Польская писательница. Дочь богатого помещика. Воспитывалась в Варшавском пансионе (1852–1857). Печаталась с 1866 г. Ранние романы и повести Ожешко («Пан Граба», 1869; «Марта», 1873, и др.) посвящены борьбе женщин за человеческое достоинство.В двухтомник вошли романы «Над Неманом», «Миер Эзофович» (первый том); повести «Ведьма», «Хам», «Bene nati», рассказы «В голодный год», «Четырнадцатая часть», «Дай цветочек!», «Эхо», «Прерванная идиллия» (второй том).
Книга представляет российскому читателю одного из крупнейших прозаиков современной Испании, писавшего на галисийском и испанском языках. В творчестве этого самобытного автора, предшественника «магического реализма», вымысел и фантазия, навеянные фольклором Галисии, сочетаются с интересом к современной действительности страны.Художник Е. Шешенин.
Автобиографический роман, который критики единодушно сравнивают с "Серебряным голубем" Андрея Белого. Роман-хроника? Роман-сказка? Роман — предвестие магического реализма? Все просто: растет мальчик, и вполне повседневные события жизни облекаются его богатым воображением в сказочную форму. Обычные истории становятся странными, детские приключения приобретают истинно легендарный размах — и вкус юмора снова и снова довлеет над сказочным антуражем увлекательного романа.
Рассказы Нарайана поражают широтой охвата, легкостью, с которой писатель переходит от одной интонации к другой. Самые различные чувства — смех и мягкая ирония, сдержанный гнев и грусть о незадавшихся судьбах своих героев — звучат в авторском голосе, придавая ему глубоко индивидуальный характер.

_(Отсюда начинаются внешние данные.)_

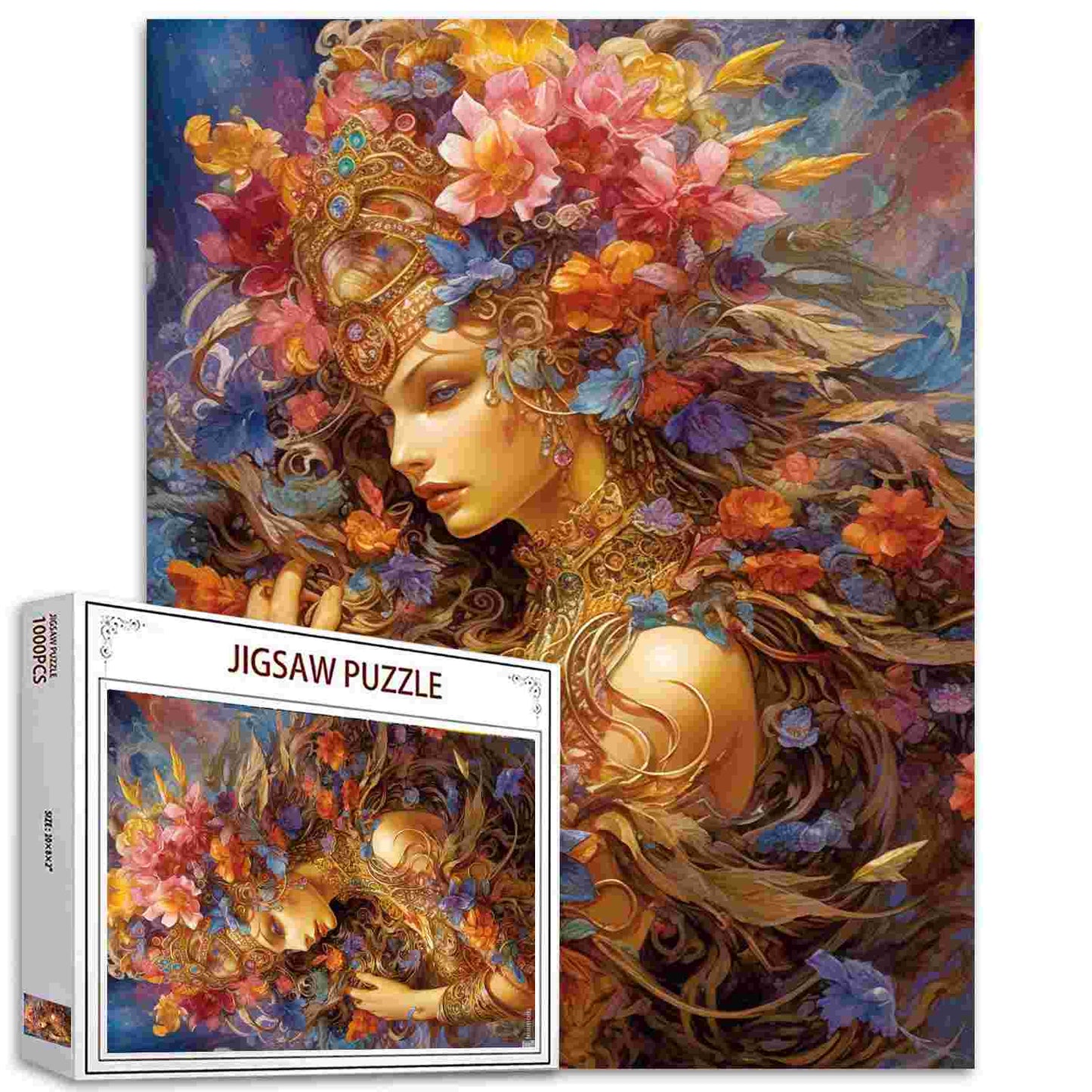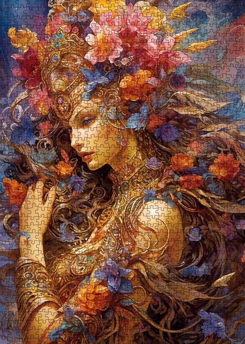 Betreten Sie mit diesem Fairy Queen-Puzzle eine Welt voller Eleganz und Wunder. Das Kunstwerk zeigt eine majestätische Königin, umgeben von einer Explosion leuchtender Blumen in Orange-, Rosa- und Blautönen, die nahtlos mit ihrem wallenden goldenen Haar verflochten sind. Ihre mit funkelnden Juwelen geschmückte Krone verleiht eine königliche Note, während ihr detailreiches Kleid mit goldenen Verzierungen schimmert. Die sanfte Mischung aus Farben und Texturen erweckt die Szene zum Leben und schafft ein Bild, das sich fast magisch anfühlt. Jedes Teil enthüllt ein neues Detail, wodurch der Zusammenbauprozess genauso faszinierend ist wie das endgültige Bild selbst.

В книге рассказывается история главного героя, который сталкивается с различными проблемами и препятствиями на протяжении всего своего путешествия. По пути он встречает множество второстепенных персонажей, которые играют важные роли в истории. Благодаря опыту главного героя книга исследует такие темы, как любовь, потеря, надежда и стойкость. По мере того, как главный герой преодолевает свои трудности, он усваивает ценные уроки жизни и растет как личность.